Either way, I’m not going to take it seriously. Instead, I’ll tell you that it sits nicely in the hand and feels weighty and expensive, albeit only in that somatic way that makes something feel expensive when you already know it’s expensive.

And that’s it.

I won’t tell you how it performs because, firstly, none of us are going to buy it. So it doesn’t matter. And secondly the 7900X, the manner of its launch and the non-launch of its new many-core CPU brethren make it all too obvious how out of touch Intel has been of late.

The way I see it, for far too long Intel has set itself the wrong task. It should have aspired to make great CPUs. The end. Instead, it aimed to produce the worst CPUs it could get away with.

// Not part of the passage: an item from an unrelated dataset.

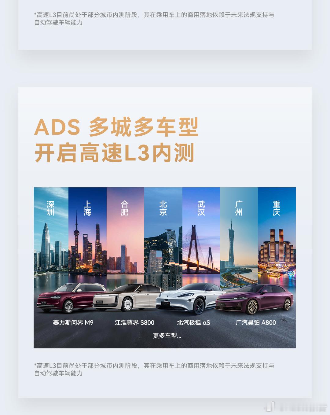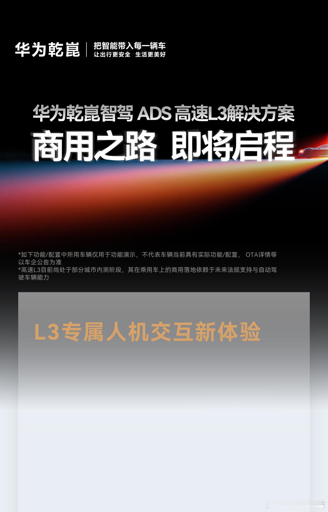 华为乾崑智驾ADS多城多车型开启高速L3内测华为乾崑智驾ADS高速L3解决方案多城多车型已开启内测,同步构建未来全场景服务生态:涵盖停车缴费无感通行、自动充电、便捷洗车养车服务。并将发布乾崑智驾生态开放平台,全流程赋能生态,让美好生活未来可期。华为乾崑华为乾崑生态共赴热爱乾崑智驾汽场全开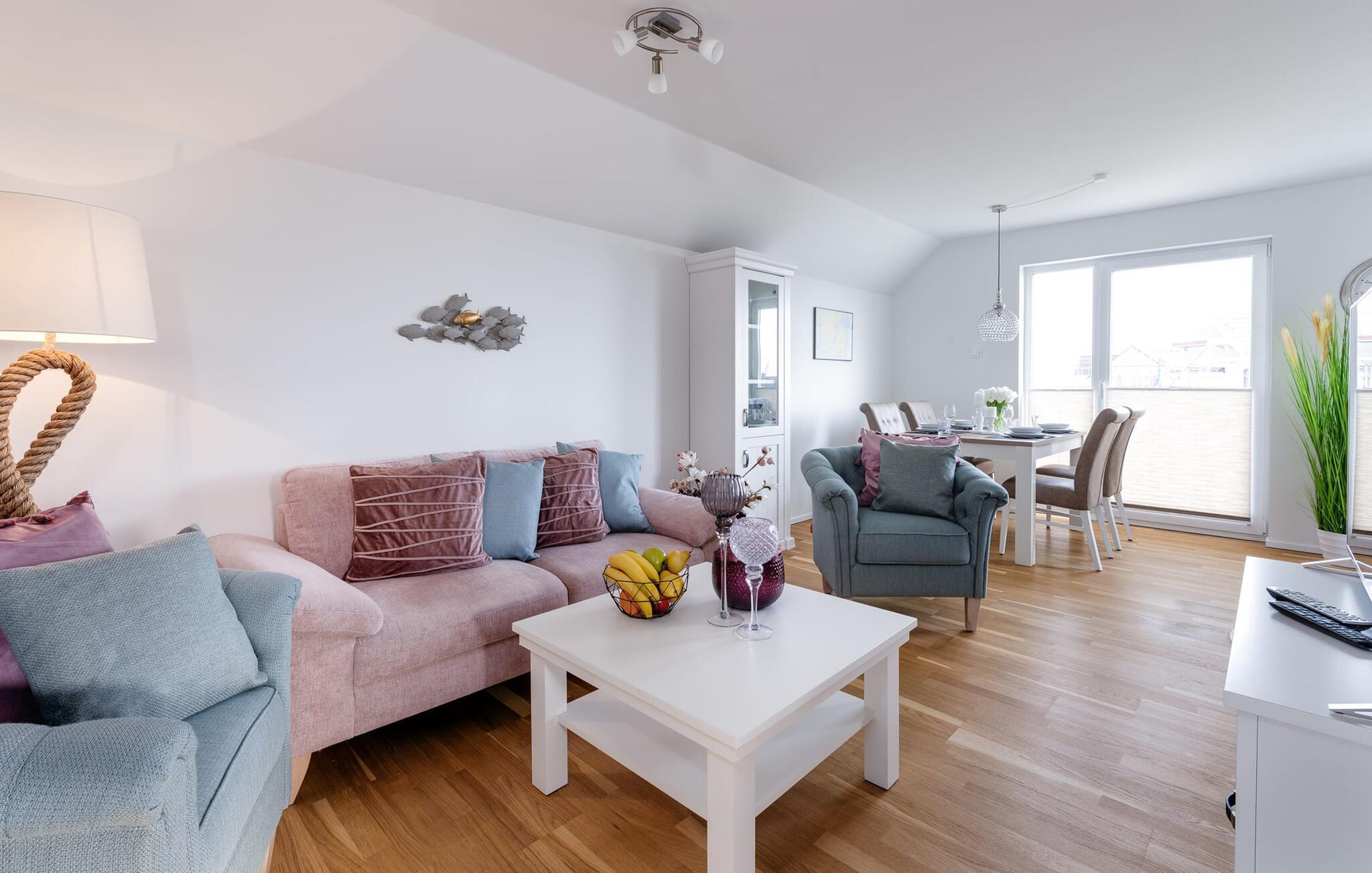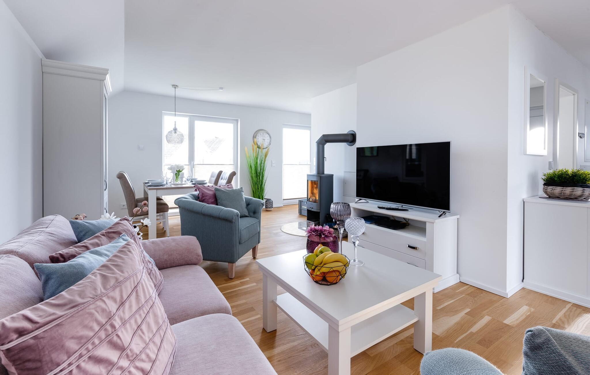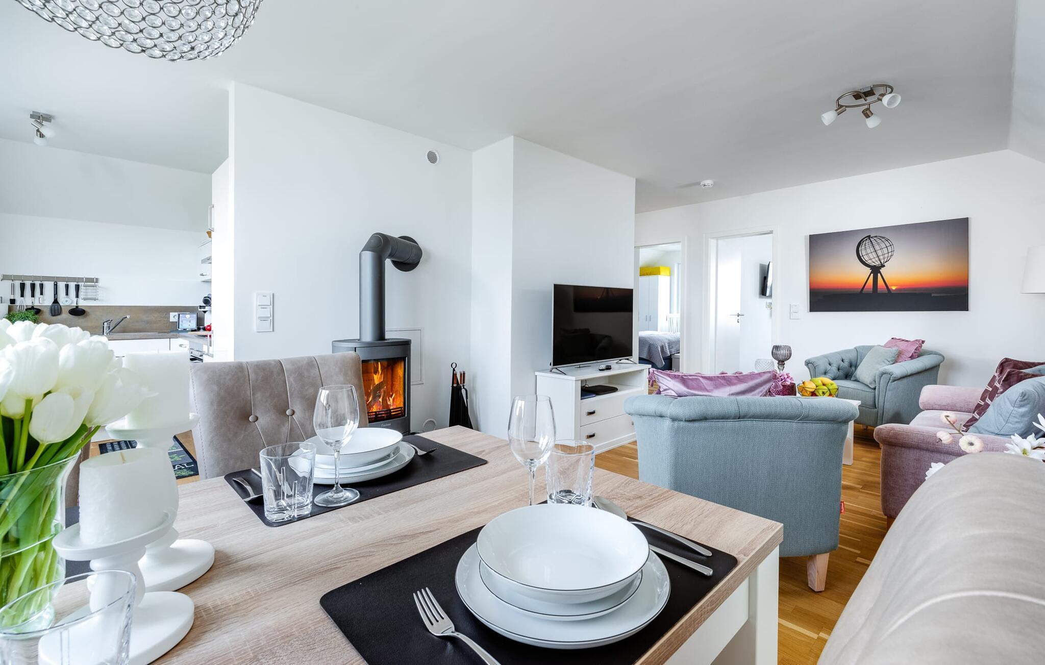 Im Urlaub ist Zeit für kreatives Kochen, die umfangreich ausgestattete Wohnküche lässt hierbei keine Wünsche offen. Direkt an den Essbereich angrenzend liegt die geräumige Sonnenterrasse in Süd-Ost-Lage, auf der zwei Sonnenliegen zur Verfügung stehen. Euch erwartet Sonnengenuss von früh bis spät. Im Wohnbereich steht ein Smart TV mit Telekom Home Entertainment Programm zur Verfügung. Die Wohnung ist mit WLAN ausgestattet, sodass nach Belieben gesurft werden kann.

And then dressed that up as progress.

For a while, that worked. There was no competition. Then AMD’s Ryzen popped up and, though it's arguably flawed as a gaming CPU, Intel panicked. The result is the shitstorm of CPUs models I reported on recently and none of it makes any sense.

My impression is that the 7900X was originally intended to be the top chip. As a consequence it’s clocked very high, high enough in all-cores Turbo mode that I suspect it will make the task of outperforming it with CPUs configured with more cores actually pretty tricky. Which may be part of the reason why all those CPU have yet to be released.

It wouldn’t actually surprise me if Intel adjusts its plans for the line up of CPUs it intends to stick in the new LGA2066 socket, into which the the 7900X slots. It’s a mess. Bizarre four-core models with bits turned off that are inexplicably more expensive than the mainstream socket LGA1151 chips they're based on and hobble the motherboards into which they are inserted. Numerous models that have been partially announced but nobody knows when they will arrive and which seemingly only exist to act as a spoiler to dampen sales of upcoming many-core AMD Ryzen chips. It all has a general air of chaotic improvisation.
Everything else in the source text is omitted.